Replies: 231   Last Post: Mar 22, 2014 9:23 PM

 Messages: [ Previous | Next ]
 David C. Ullrich Posts: 3,555 Registered: 12/13/04
Re: New Calculus for Dummies.
Posted: Mar 1, 2014 12:20 PM

On Fri, 28 Feb 2014 10:48:52 -0800 (PST), iwannig@gmail.com wrote:

>On Friday, February 28, 2014 5:04:08 PM UTC+2, dull...@sprynet.com wrote:
>

>> Whee! You need to use the power series for this? Wow.
>
>Nope. I didn't have to. I could have used the Gabriel Polynomial which is finite, but most of you have never seen it. There is no problem using a power series.

I asked how you find the derivative of sin(x). You showed me a proof
using the power series. Now when I ask the obvious questions about
that you say you didn't have to. You should either answer my
questions or _show_ me the proof without power series.

>
>> See, I thought the point was the New Calculus was going to avoid
>> limits. How in the world do you make sense of a power series
>> without limits.

>
>Very easily. In most cases, you NEVER know the limit of the sine series. It's always an approximation. The limit is not required at all in calculus. In fact, It has no place in calculus.
>

>> Heh, a better question. You seem to think that 1 is not equal to
>> 0.999...

>
>I *know* it's not equal to 1. There's no doubt about that. Not a single proof exists to support the fallacy besides Euler's blunder (defining the limit to be the infinite sum, even when there is no such thing as an infinite sum).
>

>> Now, saying 1 = 0.999... is the same as saying that
>> 1 is equal to a certain infinite series:
>> (*) 1 = .9 + .09 + ... .

>
>That's not true. It was defined that way. That's the only support for the assertion.
>

>> You have problems with (*), but the much more sophisticated
>> series
>> (**) sin(x) = x - x^3/3! + x^5/5! ...
>> is no problem?

>
>I do not accept infinite series. The above series is NOT infinite.

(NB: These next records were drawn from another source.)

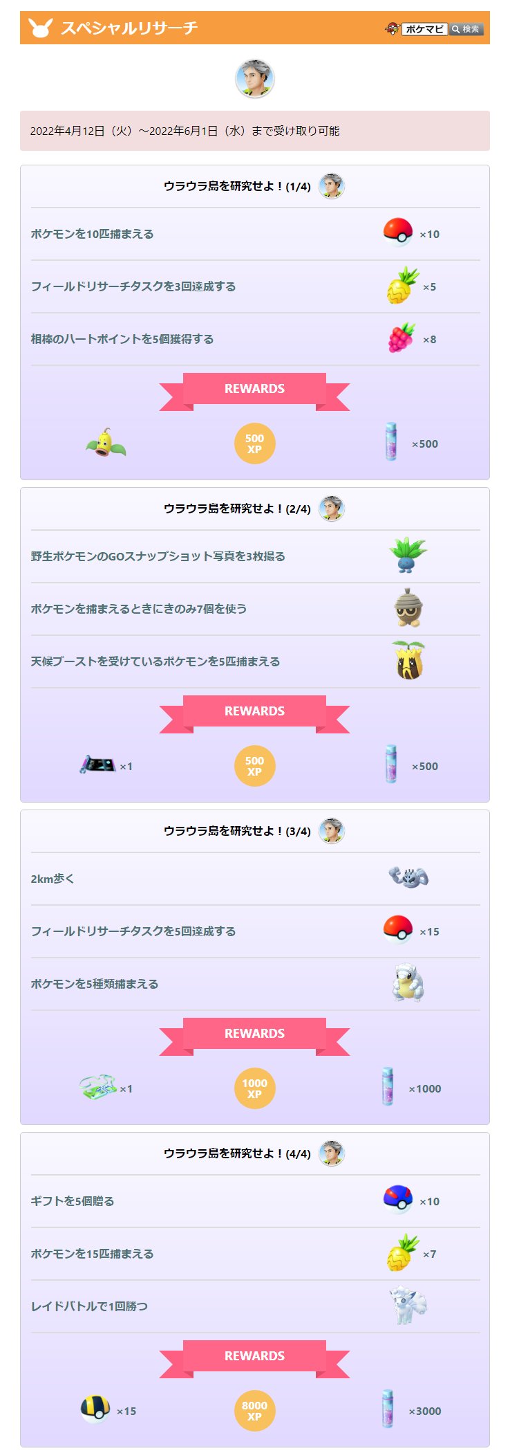 「春イベント」開始に伴って、「ウラウラ島」のスペシャルリサーチが配信されます⭐️
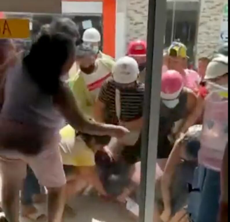 Sin embargo, la emoción por tener un par de los zapatos regalados llevó a las mujeres a enfrentarse en calles de Yucatán, en México. Las imágenes dan cuenta de cómo una mujer coloca el cuerpo sobre una caja de zapatos mientras otras más intentan quitársela.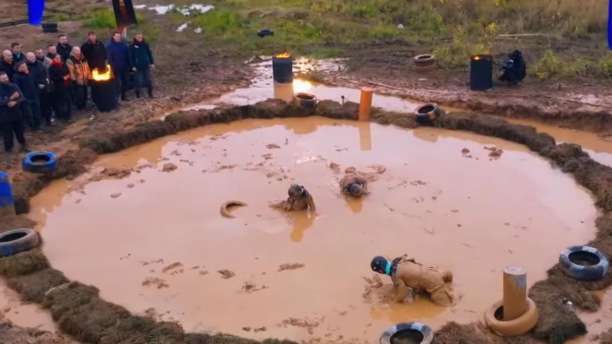 Участников поместили в ров с холодной грязью.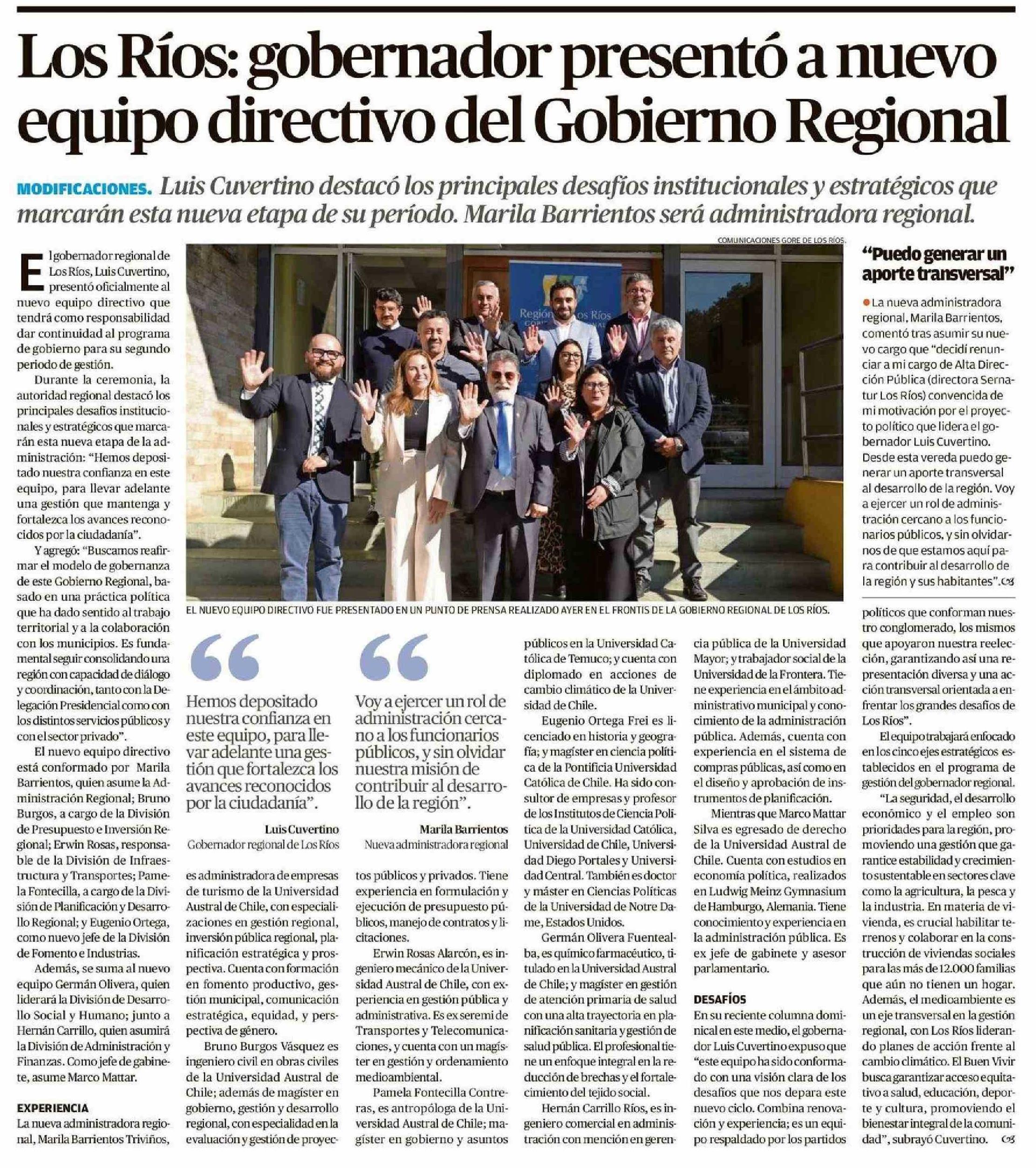 Los Ríos: gobernador presentó a nuevo equipo directivo del Gobierno Regional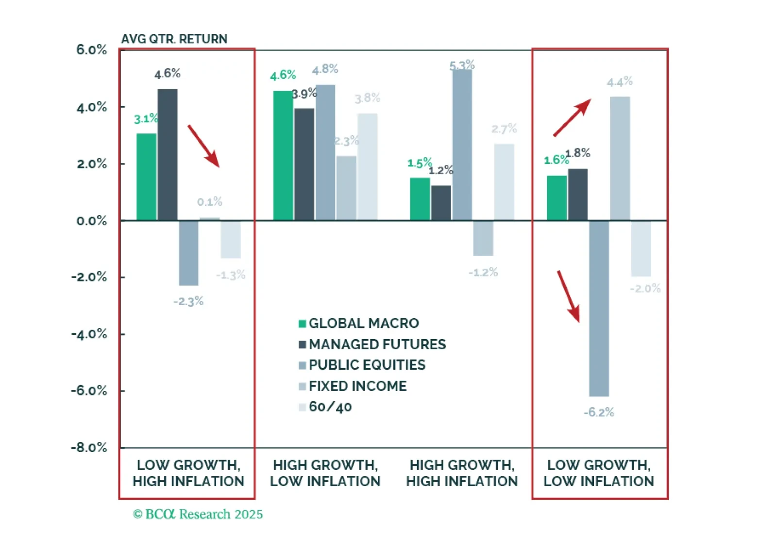 Understanding asset performance across Growth and Inflation regimes helps investors construct and manage balanced portfolios. Our first G&I Catalog report examines Hedge Fund strategies. Global Macro and Managed Futures offer the strongest protection in Stagflation-like periods, when traditional assets typically struggle. Since 1998, these regimes have occurred less than 10% of the time—but that may not hold true going forward.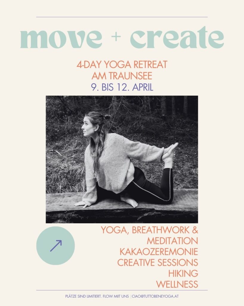 4 Tage im Zeichen von Bewegung, Natur und Gestalten.  Wenn du Lust hast, bei diesen Tagen am Wasser dabei zu sein, du deinem Körper ein angenehmes Maß an achtsamer Bewegung und Atmen schenken möchtest, und dir endlich wieder Zeit für Zeichnen, Drucken und Schreiben in richtig schöner Atmosphäre nehmen willst, freue ich mich, wenn du dabei bist.  Programm: Yoga (auf der Matte und in der Natur), Creative Sessions, Me-Time im Spa, Wanderung, Kakaozeremonie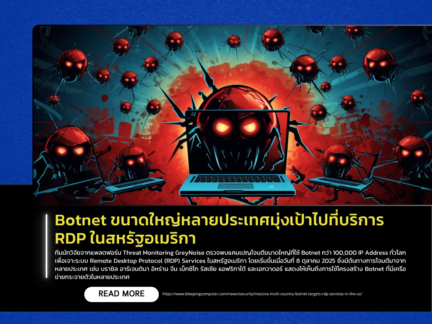 Researchers from the threat monitoring platform GreyNoise have detected a massive campaign leveraging over 100,000 botnet IP addresses worldwide to attack Remote Desktop Protocol (RDP) services in the United States. The campaign, which began on October 8, 2025, originates from multiple countries, including Brazil, Argentina, Iran, China, Mexico, Russia, South Africa, and Ecuador, highlighting the use of a globally distributed botnet infrastructure.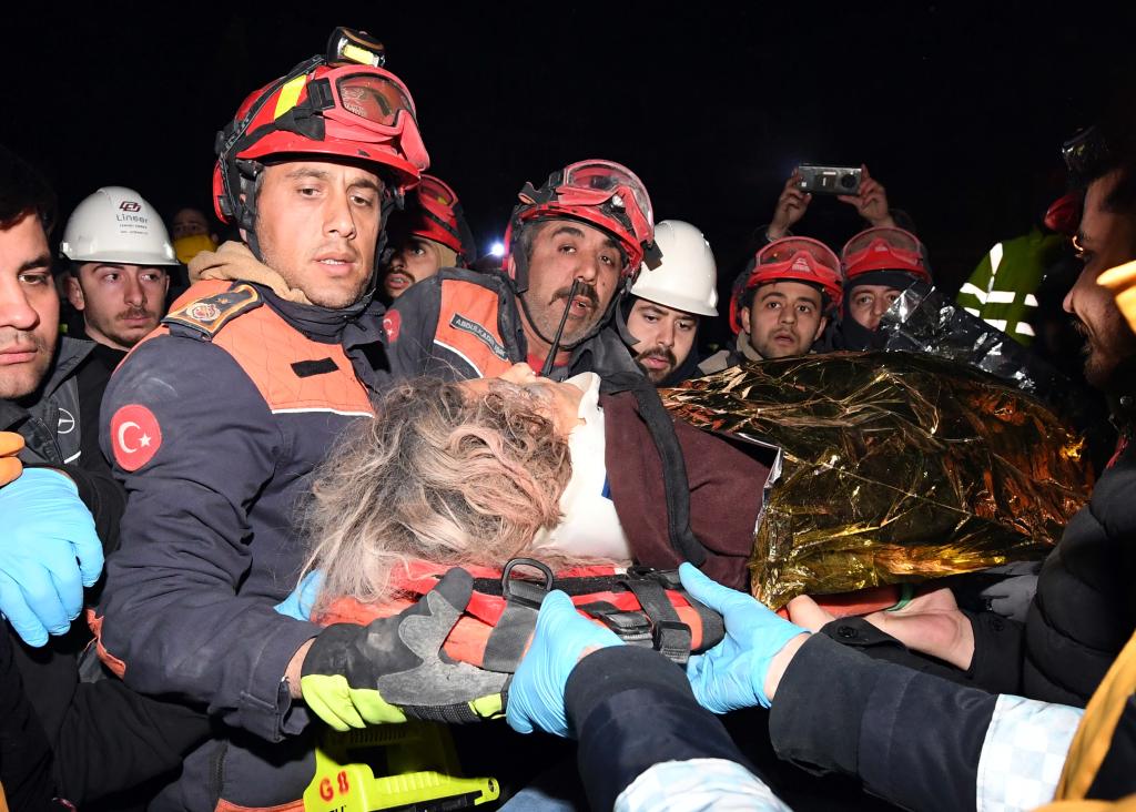 2月9日,在土耳其哈塔伊省安塔基亚市,中国救援队与土耳其救援队转移一名救出的女性幸存者。新华社记者沙达提摄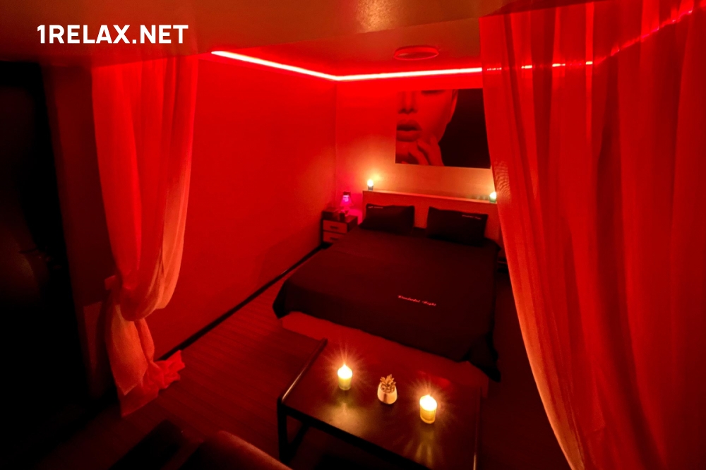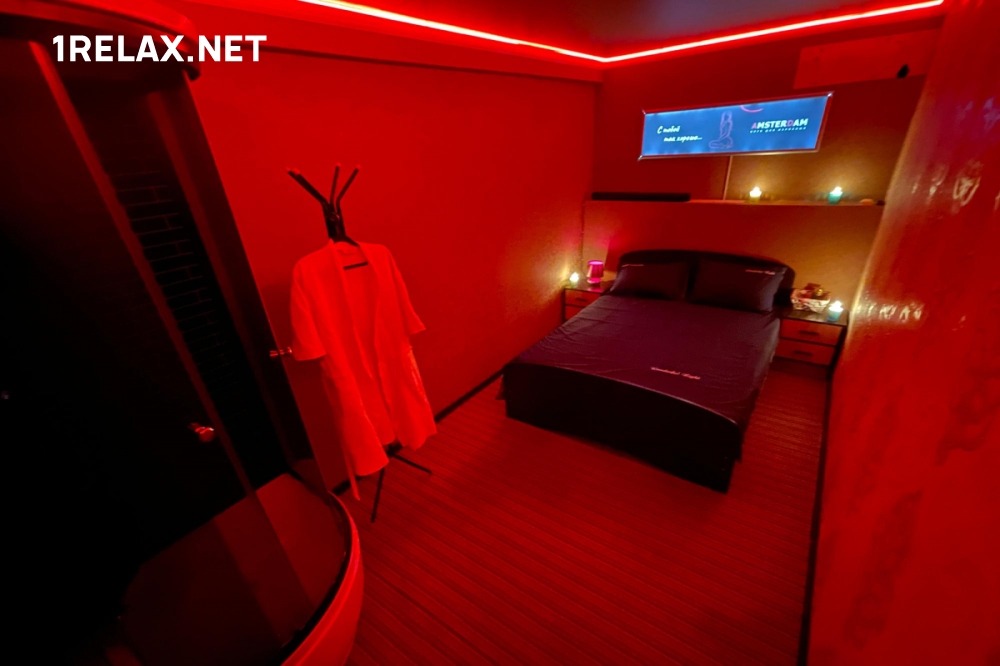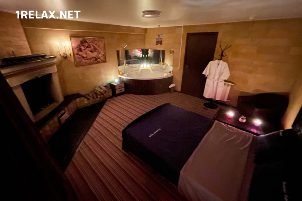 В каждой комнате спа салона есть удобная кровать, диван для отдыха, кондиционер, а также душ или джакузи. Располагающий интерьер, романтичная и таинственная обстановка — все это создает особую атмосферу и помогает расслабиться.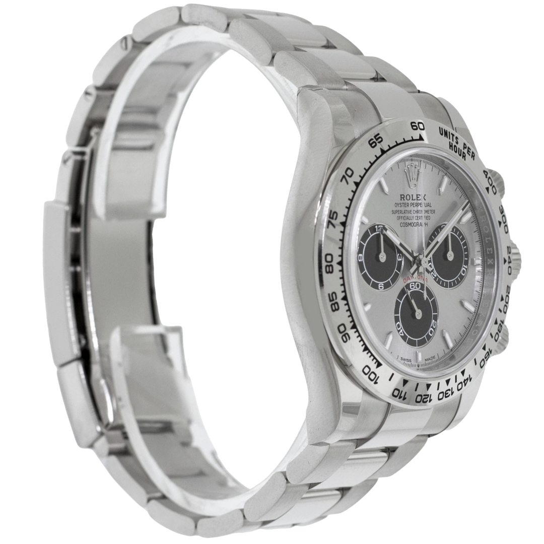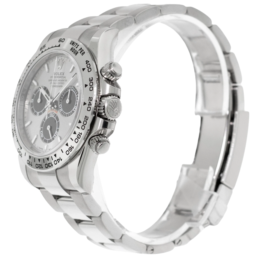 Powered by Rolex’s latest-generation Calibre 4131 automatic movement, this Daytona delivers outstanding chronometric accuracy, a refined finish, and a power reserve of approximately 72 hours. Every component of this timepiece has been meticulously engineered to meet the highest standards of durability and precision, from its solid white gold Oyster bracelet to the robust clasp that secures it with effortless comfort.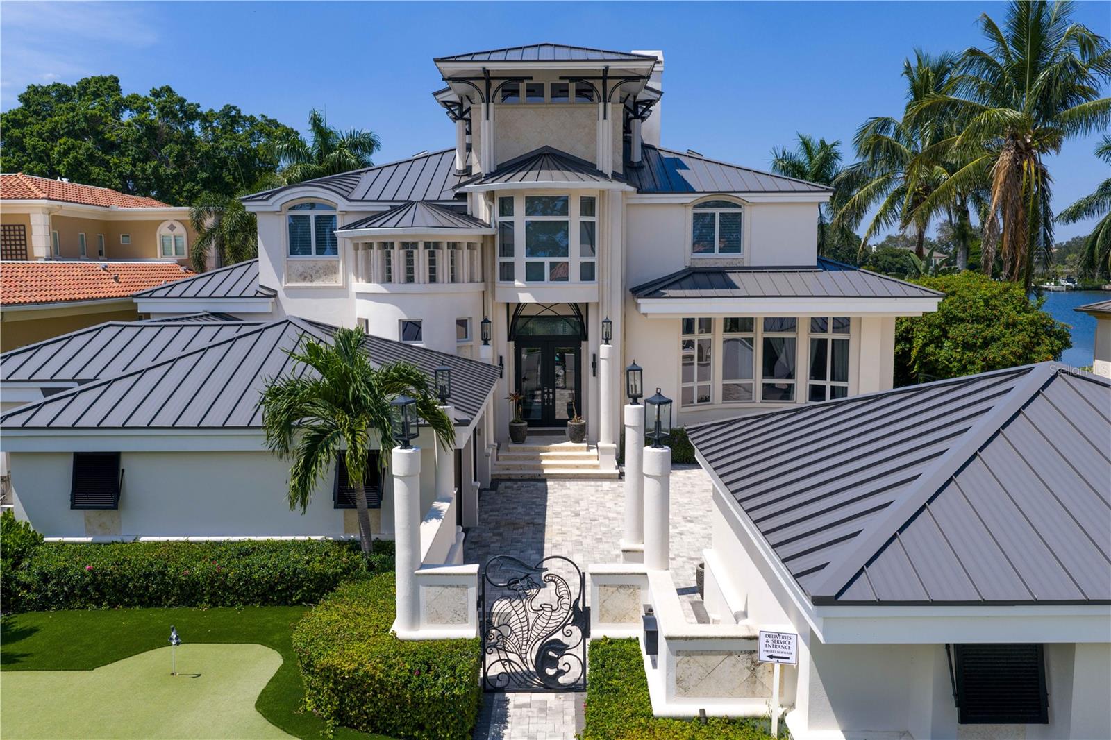 Welcome to this exquisite estate on Coffee Pot Riviera, a half-acre lot on a protected inlet of Tampa Bay. Right away you are drawn to the vine-inspired wrought iron gates making a striking first impression to the property's entrance. The overall style of the home pulls together unique architecture elements of organic, nature-inspired design. A jaw dropping grand entrance blends a functional structure requirement with a creative artistic design of columns that resemble the natural form and texture of trees allowing this three-story open living space to seamlessly integrate with the waterfront landscape. The tongue-and-groove ceiling of this space is reminiscent of a boat's hull, which enhances the spacious, open airy feel of the home, like the feeling of being on a luxury yacht. Bringing this all together, creates a magnificent three-story wall of windows flooding the house with natural light, offering views of the water and creating a seamless connection between the indoor and outdoor spaces. It’s simply stunning! Next you are drawn to the expansive outdoor area which was carefully designed to provide much-needed shade and comfortable, covered living space that connects beautifully to the extra large backyard, large infinity pool and waterfront. A grandfathered boat house offers a rare and valuable feature to protect your watercraft. Everything has been updated and enhanced by the current owners with the addition of new flooring throughout, updated bathrooms and kitchen, brand new metal roof and ALL (three) new AC units. An added bonus is the primary bedroom being on the first floor as well as another bonus room that could be used as a bedroom with a full bath, media room or office. The other guest bedrooms are all on the second floor. A four car garage (two have been converted to a gym) gives you the flexibility for extra cars or a workout space. This sophisticated design combined with Florida's tropical landscape will give you a luxurious yet comfortable living experience in the heart of fabulous St Pete! No flooding. Ready for immediate occupancy. Can be sold furnished. All furnishings new from Restoration Hardware, Arhaus, and Timothy Oulton.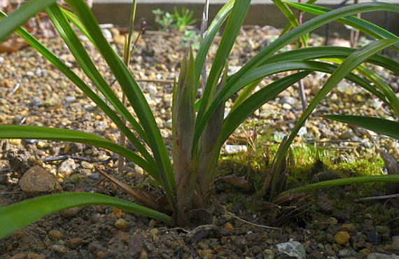 一昨日は日中家を空けたため、小庭の動きも全く掴めていませんでした。で、昨日外に出てみると、ご覧の通り花芽が大きく伸び上がっているのが目に飛び込んできた次第です。この時期、1日か2日目を離そうものなら、状況が様変わりすることも珍しくありません。 昨年の植え替え時の様子を振り返ってみると、花芽は3芽確認できました。ということで、まだ1芽が地中で身を潜めていることになります。各々の花芽で、少なくとも2輪、調子が良ければ3輪の花を咲かせるので、今年は6~9輪が目を楽しませてくれそうです。但し、時期は少しずつずれるので、全員集合で豪華絢爛という訳には行きませんが ....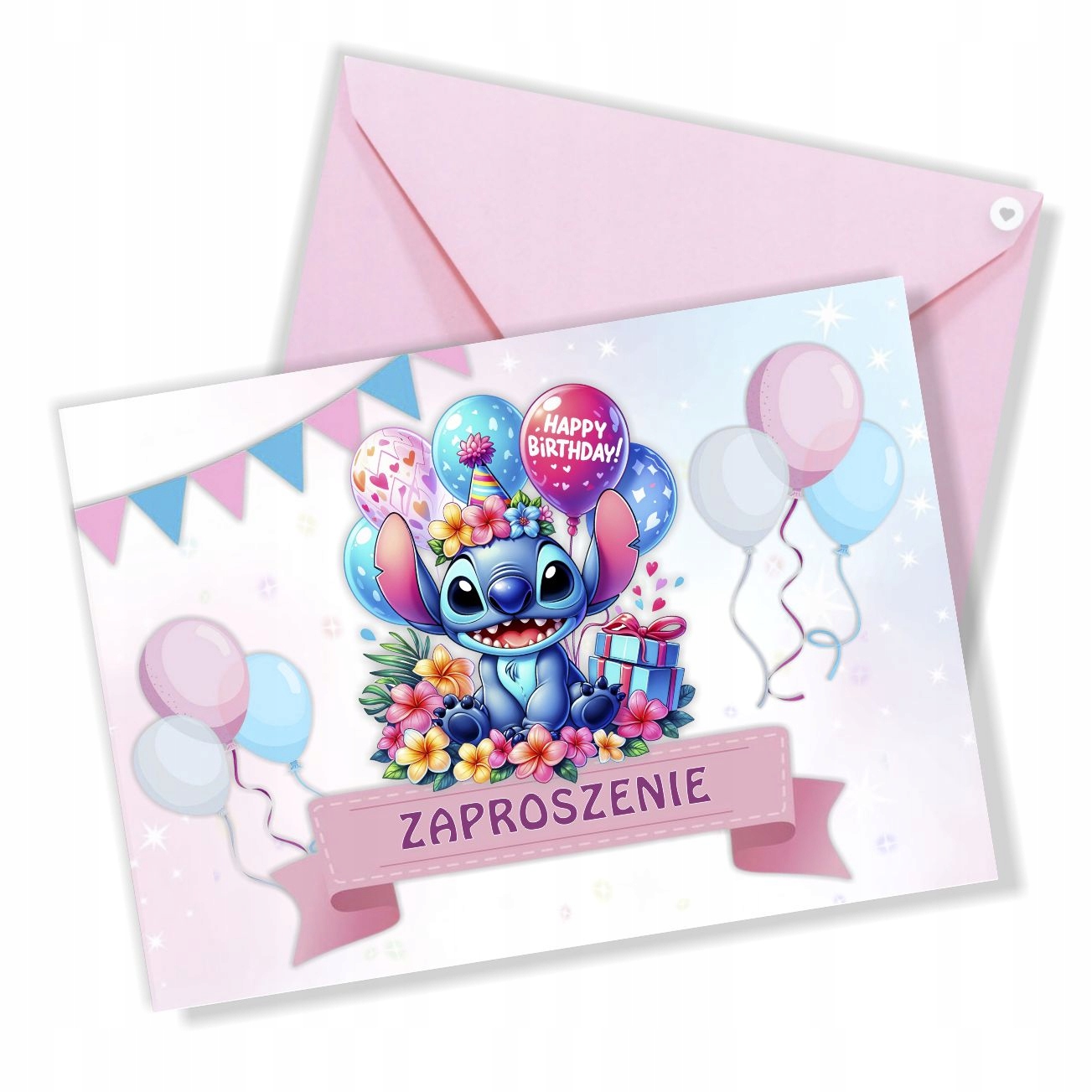 Запрошення на день народження дітей Ліло та Стіх + рожевий конверт

Not infinite except for being an infinite series, fine.

>There is no such thing as an infinite series. Everything I need to know about the series is contained in the first three terms. :-)

Huh? Then show me the proof that just uses the first three terms.
Also the proof that you have the fiirst three terms right. As well
as an expllanation of what you mean by that...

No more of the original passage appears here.